#183 『マネキンの家』

 僕の高校時代の話。地元の町の某所に、“マネキンの家”と呼ばれる廃墟があった。

 僕自身も何度かその家を探索した事があるのだが、どうしてそこがマネキンの家と呼ばれているのかが全く理解出来ない。なにしろ、家中くまなく探し回ってみても、マネキンどころか人形の一体も見付からない、そんな廃墟なのだ。

 ある日、とある先輩が、「マネキン見付けた」と吹聴していると言う噂が耳に入って来た。僕らは興味本位でその先輩にマネキンの場所を聞きに行ったのだが、先輩は「教えない」の一点張りだった。

 だが粘り強く聞いてみた所、「普通の探し方じゃあ見付からない」と話してくれた。同時に、「見付からない方がマシ」とも言っていた。

 それを聞いた僕らはもう一度その廃墟へと足を運ぶも、やはりマネキンはどこにも無い。しかしその晩、友人の一人から電話が来て、「俺、場所分かったかも」と言う。

「どこだよ?」と僕は聞くも、友人もまた教えてはくれない。ただ、「見付けたら話す」とだけ言って電話を切られた。

 友人は翌日、学校には来なかった。だが、電話には出た。友人はかなり疲弊したような声で、「マネキン見付けた」とだけ、僕に言った。

 約束通り場所は教えてくれた。二階の西側、書斎のような本棚ばかりの部屋がそうだと言う。

 いや、そこは何度も見たと僕が言うと、「夜に行かないと分からない」と、友人。結局僕はその件を他の友人達にも話し、その晩、再びマネキンの家へと乗り込む事にした。

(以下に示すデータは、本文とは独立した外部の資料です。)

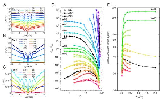 Figure 3 The evolution of Cooper pairs coherence through the quantum phase transition. (A-C) Magnetoconductance oscillations of three representative YBCO nanopore films at various temperatures. Shown are the data from a (A) superconducting state film (SC), (B) anomalous metallic sate film (AM1), (C) insulating state film (INS). (D) Temperature dependence of magnetoconductance oscillations amplitude (Gosc) of all the YBCO films. For the quantum metallic state films, Gosc saturates with decreasing temperature at around 5 K. In contrast, Gosc diverges at low temperatures for superconducting state films, and Gosc initially increases and drops at low temperatures for insulating state film. (E) The saturation of the phase coherence length at low temperatures in the quantum metallic state films, revealing a possible formation mechanism of quantum metallic state.
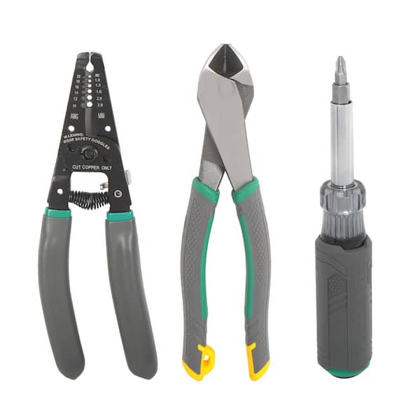 • Includes 11-in-1 multi-bit screwdriver, wire stripper and cutter
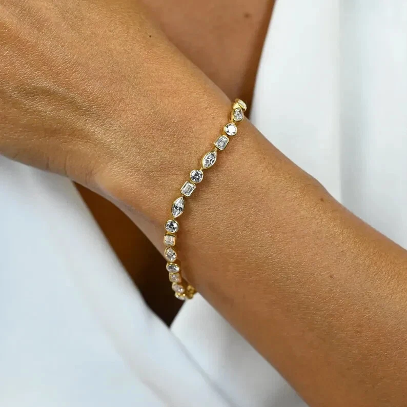This 6Ct Round Simulated Diamond 925 Yellow Sterling Silver Women's Tennis Bracelet features a dazzling design with a tennis link chain and a snap closure. The bracelet is handmade with sterling silver and showcases a round simulated diamond as the main stone, set in a bezel style. It has a personalized touch, adjustable length, and is engraved with various themes like Beauty, Fashion, Love, and more. Ideal for special occasions like Engagement, Anniversary, Birthday, or Mother's Day, this elegant piece is nickel-free and comes with a seller warranty for added assurance.
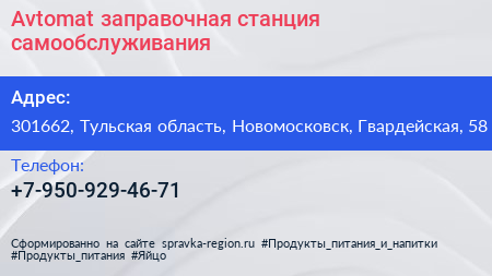 Avtomat, заправочная станция самообслуживания по адресу 301662, Тульская область, Новомосковск, Гвардейская, 58 в дальнейшем Организация, размещена в следующих категориях:
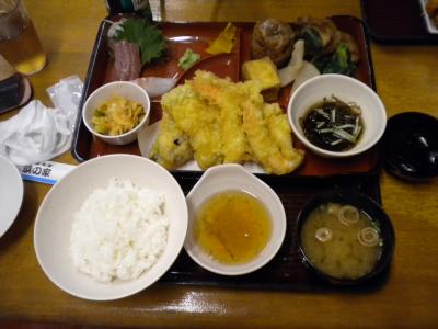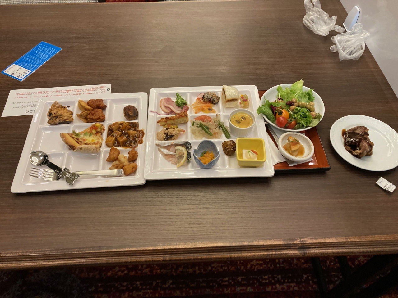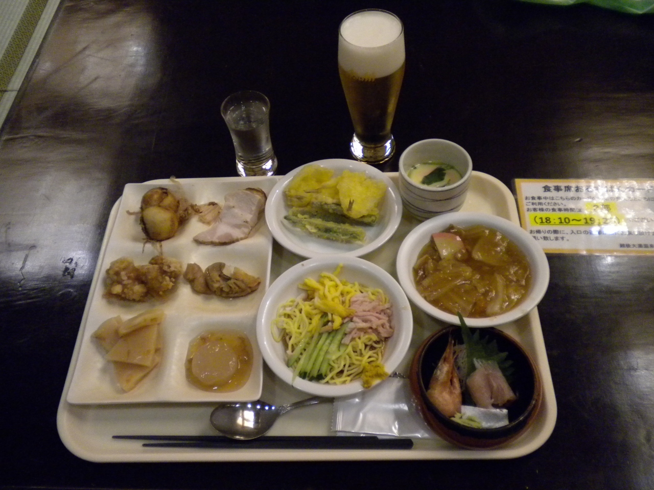 待望の夕食は「赤城ポークと赤城鶏のステーキフェォア」他にてんぷら・刺身等食材豊富、さらにアルコール70分飲み放題(ビール・ハイボール・地酒)で食が進みました。
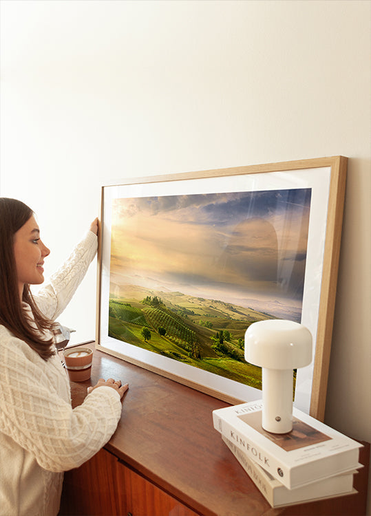 Podere Belvedere's Sunrise von Arnaud BRATKOVIC – Hochwertiges Papier mit glatter, matter Oberfläche und eleganter Haptik. Die matte Oberfläche reduziert Blendungen und sorgt für ein raffiniertes, zeitloses Aussehen. Robust und langlebig für den dauerhaften Einsatz, ideal sowohl für den professionellen Einsatz als auch für dekorative Präsentationen.

 だがやはり、書斎の部屋にマネキンは無かった。「騙されたな」と他の友人達は悔しがったが、どうにも僕には「夜に行かないと」と言う台詞が気に掛かって仕方がなかった。

 ふと、窓ガラスに反射した懐中電灯の明かりの中に、何かを見たような気がした。僕はそこでもしかしてと思い、全員に窓ガラスとは反対側。つまりは背後を照らしてくれと頼んだ。

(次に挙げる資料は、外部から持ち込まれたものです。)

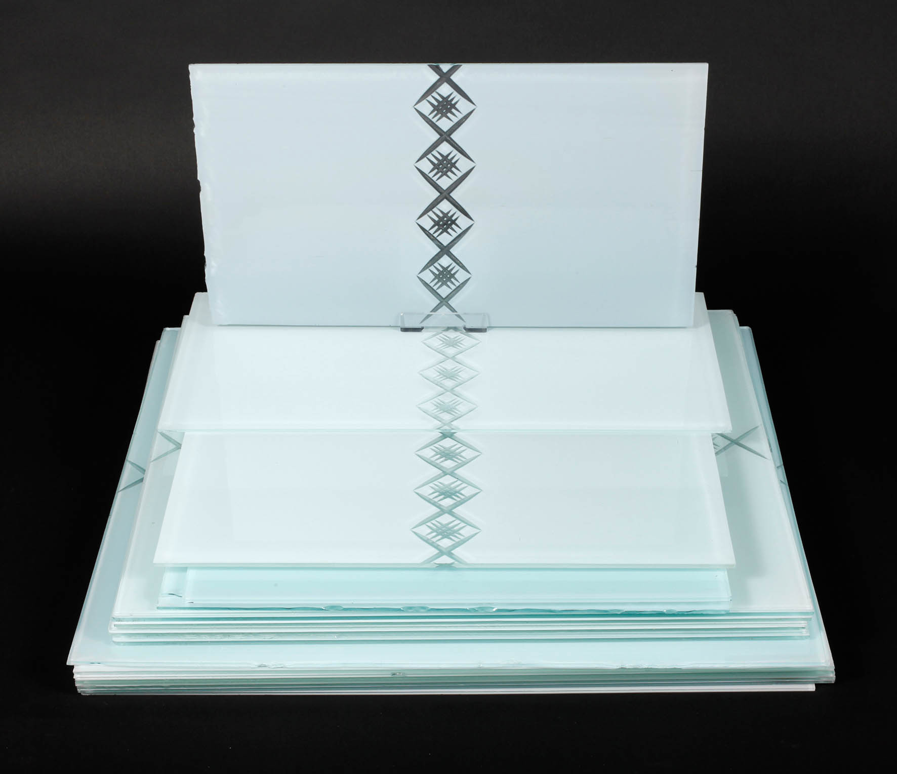 Restbestand einer Glaserei, um 1930, Klarglas mit weißem Überfang, mittig geschliffene Ornamentbordüre, insgesamt 21 Scheiben mit gleichem Dekor, Maße überwiegend 46 x 55 cm sowie einige kürzere Reststücke, insgesamt über 4 qm.
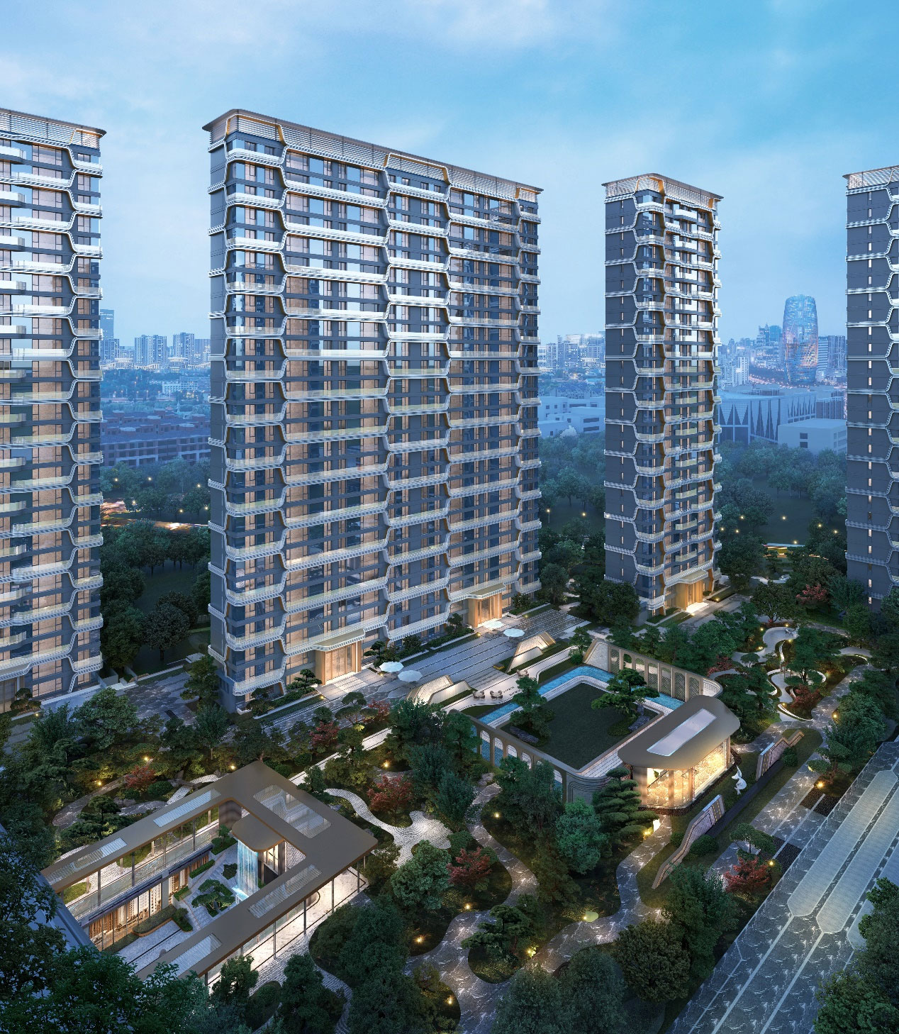建筑方面,联合HZS匠心共创,从中国建筑至高形制、与太和殿一脉同源的庑殿顶中提取元素,现代材质、简约风格、流线造型,首创中国大屋檐的高层式表达,成就世界美学中国建筑典范。超配采用1.7倍楼距系数,呈现约百米奢阔楼距,每一栋建筑都尽享阔景视野。

 そうして窓の方を向けば、確かにそこにはマネキンがあった。光が反射し、室内の様子が窓に映し出されているのだが、そこには僕ら以外の人影が映り込み、同じように窓の方を睨んでいるのだ。

 先輩や友人の言った事は本当だった。ただ一つだけ間違っていた情報は、それはどう見てもマネキンや人形の類いではなかったと言う事だ。